TCP Head-of-Line Blocking in HTTP/2
For HTTP/1.1, the resource-loading process is quite simple, because each file is given its own TCP connection and downloaded in full. For example, if we have files A, B, and C, we would have three TCP connections. The first would see a byte stream of AAAA, the second BBBB, the third CCCC (with each letter repetition being a TCP packet). This works but is also very inefficient because each new connection has some overhead.
In practice, browsers impose limits on how many concurrent connections may be used (and thus how many files may be downloaded in parallel) — typically, between 6 and 30 per page load. Connections are then reused to download a new file once the previous has fully transferred. These limits eventually started to hinder web performance on modern pages, which often load many more than 30 resources.

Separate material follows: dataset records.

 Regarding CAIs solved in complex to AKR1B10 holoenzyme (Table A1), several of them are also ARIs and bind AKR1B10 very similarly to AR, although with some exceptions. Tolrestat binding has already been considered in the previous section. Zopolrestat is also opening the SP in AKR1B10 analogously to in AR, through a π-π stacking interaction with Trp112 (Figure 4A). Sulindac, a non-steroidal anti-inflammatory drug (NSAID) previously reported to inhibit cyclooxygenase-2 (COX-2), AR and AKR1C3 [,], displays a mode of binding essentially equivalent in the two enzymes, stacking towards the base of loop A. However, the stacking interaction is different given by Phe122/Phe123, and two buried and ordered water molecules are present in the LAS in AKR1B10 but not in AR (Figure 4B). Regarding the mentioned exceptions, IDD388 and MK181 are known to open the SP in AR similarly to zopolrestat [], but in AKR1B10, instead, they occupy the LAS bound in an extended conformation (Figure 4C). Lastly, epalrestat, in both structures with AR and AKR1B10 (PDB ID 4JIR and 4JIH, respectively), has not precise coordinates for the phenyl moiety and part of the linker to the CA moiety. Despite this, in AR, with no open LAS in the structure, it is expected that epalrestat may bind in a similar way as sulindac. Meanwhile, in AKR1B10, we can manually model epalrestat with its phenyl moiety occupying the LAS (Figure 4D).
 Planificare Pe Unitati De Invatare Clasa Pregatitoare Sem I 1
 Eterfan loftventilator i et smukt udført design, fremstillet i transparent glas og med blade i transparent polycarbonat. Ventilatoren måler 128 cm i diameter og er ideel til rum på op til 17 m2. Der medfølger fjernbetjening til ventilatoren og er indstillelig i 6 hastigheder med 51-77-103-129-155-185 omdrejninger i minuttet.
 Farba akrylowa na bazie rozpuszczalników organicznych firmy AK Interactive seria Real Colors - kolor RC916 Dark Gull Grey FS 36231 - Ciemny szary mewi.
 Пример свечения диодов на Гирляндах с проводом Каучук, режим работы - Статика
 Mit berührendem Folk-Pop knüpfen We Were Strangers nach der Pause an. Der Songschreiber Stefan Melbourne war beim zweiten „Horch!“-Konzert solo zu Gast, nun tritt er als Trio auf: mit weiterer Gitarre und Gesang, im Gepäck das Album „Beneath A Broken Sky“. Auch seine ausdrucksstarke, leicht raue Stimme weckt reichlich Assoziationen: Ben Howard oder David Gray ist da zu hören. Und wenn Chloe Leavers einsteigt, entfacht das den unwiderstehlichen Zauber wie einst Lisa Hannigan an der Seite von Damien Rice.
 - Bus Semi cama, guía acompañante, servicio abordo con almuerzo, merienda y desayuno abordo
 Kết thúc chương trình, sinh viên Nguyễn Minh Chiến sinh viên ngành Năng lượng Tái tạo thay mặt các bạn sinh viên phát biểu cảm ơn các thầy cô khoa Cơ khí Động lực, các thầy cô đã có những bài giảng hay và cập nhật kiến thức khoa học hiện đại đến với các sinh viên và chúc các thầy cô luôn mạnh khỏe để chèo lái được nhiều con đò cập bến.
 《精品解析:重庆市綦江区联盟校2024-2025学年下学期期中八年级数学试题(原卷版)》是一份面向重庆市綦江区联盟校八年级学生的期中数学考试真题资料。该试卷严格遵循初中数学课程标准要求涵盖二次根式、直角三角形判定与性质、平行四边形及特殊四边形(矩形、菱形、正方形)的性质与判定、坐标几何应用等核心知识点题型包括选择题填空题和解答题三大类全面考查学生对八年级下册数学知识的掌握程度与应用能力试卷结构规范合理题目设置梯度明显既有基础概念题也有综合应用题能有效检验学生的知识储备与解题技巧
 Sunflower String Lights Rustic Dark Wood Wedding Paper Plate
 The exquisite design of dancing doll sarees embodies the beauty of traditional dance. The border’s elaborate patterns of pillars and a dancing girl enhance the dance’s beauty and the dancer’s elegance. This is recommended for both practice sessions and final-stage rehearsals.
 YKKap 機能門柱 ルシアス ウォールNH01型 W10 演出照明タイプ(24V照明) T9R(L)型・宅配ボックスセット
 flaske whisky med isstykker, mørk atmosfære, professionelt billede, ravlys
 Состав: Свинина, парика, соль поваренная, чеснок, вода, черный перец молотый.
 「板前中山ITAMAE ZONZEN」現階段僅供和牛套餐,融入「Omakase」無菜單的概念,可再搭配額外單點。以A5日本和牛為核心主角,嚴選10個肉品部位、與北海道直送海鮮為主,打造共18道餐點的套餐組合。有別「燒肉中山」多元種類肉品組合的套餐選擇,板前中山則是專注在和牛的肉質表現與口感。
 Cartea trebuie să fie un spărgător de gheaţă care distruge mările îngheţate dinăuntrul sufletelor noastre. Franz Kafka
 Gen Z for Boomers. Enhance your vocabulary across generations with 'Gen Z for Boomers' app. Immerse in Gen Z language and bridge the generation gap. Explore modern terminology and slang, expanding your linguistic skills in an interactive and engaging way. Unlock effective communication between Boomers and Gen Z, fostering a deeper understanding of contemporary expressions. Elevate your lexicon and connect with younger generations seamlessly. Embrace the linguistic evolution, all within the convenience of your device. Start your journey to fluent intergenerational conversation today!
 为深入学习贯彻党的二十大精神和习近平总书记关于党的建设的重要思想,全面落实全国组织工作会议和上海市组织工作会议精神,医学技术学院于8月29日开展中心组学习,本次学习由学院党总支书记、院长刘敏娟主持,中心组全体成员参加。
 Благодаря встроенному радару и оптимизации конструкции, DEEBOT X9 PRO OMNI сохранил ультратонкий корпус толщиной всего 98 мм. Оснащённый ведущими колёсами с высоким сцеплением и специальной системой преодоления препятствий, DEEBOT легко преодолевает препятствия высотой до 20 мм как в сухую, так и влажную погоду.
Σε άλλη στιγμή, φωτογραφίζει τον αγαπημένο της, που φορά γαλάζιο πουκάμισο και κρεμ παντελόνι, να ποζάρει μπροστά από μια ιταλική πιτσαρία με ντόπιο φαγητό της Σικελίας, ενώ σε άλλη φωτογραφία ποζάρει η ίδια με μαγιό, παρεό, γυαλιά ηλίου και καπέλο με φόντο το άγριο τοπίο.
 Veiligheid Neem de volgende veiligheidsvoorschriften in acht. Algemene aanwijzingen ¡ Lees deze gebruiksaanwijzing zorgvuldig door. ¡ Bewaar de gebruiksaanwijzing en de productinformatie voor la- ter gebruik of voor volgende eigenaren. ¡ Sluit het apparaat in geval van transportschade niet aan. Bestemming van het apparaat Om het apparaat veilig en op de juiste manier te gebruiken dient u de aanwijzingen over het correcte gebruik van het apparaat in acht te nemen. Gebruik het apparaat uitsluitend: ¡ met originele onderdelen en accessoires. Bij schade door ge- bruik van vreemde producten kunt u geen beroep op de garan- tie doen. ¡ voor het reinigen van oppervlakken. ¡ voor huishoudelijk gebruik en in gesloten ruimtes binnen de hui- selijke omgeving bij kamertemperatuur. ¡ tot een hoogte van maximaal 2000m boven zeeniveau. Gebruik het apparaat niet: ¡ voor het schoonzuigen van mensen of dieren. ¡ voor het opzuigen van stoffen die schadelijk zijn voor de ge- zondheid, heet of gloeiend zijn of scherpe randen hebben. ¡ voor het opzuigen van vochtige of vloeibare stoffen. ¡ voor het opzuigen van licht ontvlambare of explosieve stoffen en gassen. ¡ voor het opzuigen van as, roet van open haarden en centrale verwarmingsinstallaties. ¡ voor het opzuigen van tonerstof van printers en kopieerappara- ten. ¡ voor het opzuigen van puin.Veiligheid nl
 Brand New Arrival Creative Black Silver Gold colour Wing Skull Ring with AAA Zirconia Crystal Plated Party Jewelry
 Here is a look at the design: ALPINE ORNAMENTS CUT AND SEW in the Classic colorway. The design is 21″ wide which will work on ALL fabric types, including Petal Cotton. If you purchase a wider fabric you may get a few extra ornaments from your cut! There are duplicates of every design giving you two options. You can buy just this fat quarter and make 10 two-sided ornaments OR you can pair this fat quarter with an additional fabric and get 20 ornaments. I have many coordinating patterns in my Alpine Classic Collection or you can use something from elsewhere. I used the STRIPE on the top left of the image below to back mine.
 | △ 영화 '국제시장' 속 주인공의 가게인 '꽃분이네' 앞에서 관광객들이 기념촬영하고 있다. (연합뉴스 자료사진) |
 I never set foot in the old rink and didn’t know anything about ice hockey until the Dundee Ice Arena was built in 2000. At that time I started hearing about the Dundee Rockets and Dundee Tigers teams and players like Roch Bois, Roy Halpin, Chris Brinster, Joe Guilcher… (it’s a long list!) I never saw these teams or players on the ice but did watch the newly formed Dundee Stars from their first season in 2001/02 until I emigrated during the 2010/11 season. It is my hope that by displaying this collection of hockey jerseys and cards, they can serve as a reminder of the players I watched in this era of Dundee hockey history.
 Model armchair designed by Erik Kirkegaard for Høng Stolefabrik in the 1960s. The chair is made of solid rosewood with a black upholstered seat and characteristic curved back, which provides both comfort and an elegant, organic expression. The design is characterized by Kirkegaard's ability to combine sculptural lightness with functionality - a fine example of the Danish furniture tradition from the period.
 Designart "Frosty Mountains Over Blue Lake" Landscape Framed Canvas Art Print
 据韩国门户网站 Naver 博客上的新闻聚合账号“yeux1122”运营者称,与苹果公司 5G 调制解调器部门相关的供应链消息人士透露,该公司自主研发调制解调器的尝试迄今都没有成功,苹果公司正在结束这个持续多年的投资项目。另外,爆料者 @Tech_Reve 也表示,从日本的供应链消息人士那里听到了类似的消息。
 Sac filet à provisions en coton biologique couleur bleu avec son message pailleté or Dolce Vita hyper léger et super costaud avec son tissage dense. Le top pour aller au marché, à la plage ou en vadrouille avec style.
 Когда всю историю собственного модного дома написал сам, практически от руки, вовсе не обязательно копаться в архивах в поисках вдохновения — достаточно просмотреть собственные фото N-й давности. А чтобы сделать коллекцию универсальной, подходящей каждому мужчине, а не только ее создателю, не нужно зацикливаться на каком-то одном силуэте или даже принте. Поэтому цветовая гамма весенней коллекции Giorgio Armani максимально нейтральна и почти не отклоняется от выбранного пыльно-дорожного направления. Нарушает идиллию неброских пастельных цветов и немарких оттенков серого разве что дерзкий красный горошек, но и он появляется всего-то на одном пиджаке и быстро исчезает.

Improving this situation was one of the main goals for HTTP/2. The protocol does this by no longer opening a new TCP connection for each file, but instead downloading the different resources over a single TCP connection. This is achieved by “multiplexing” the different byte streams. That’s a fancy way of saying that we mix data of the different files when transporting it. For our three example files, we would get a single TCP connection, and the incoming data might look like AABBCCAABBCC (although many other ordering schemes are possible). This seems simple enough and indeed works quite well, making HTTP/2 typically just as fast or a bit faster than HTTP/1.1, but with much less overhead.
take a closer look at the difference:
HTTP/1 versus HTTP/2 and HTTP/3 multiplexing HTTP/1.1 does not allow multiplexing, unlike both HTTP/2 and HTTP/3. (Large preview) However, there is a problem on the TCP side. You see, because TCP is a much older protocol and not made for just loading web pages, it doesn’t know about A, B, or C. Internally, TCP thinks it’s transporting just a single file, X, and it doesn’t care that what it views as XXXXXXXXXXXX is actually AABBCCAABBCC at the HTTP level. In most situations, this doesn’t matter (and it actually makes TCP quite flexible!), but that changes when there is, for example, packet loss on the network.
Suppose the third TCP packet is lost (the one containing the first data for file B), but all of the other data are delivered. TCP deals with this loss by retransmitting a new copy of the lost data in a new packet. This retransmission can, however, take a while to arrive (at least one RTT). You might think that’s not a big problem, as we see there is no loss for resources A and C. As such, we can start processing them while waiting for the missing data for B, right?
Sadly, that’s not the case, because the retransmission logic happens at the TCP layer, and TCP does not know about A, B, and C! TCP instead thinks that a part of the single X file has been lost, and thus it feels it has to keep the rest of X’s data from being processed until the hole is filled. Put differently, while at the HTTP/2 level, we know that we could already process A and C, TCP does not know this, causing things to be slower than they potentially could be. This inefficiency is an example of the “head-of-line (HoL) blocking” problem.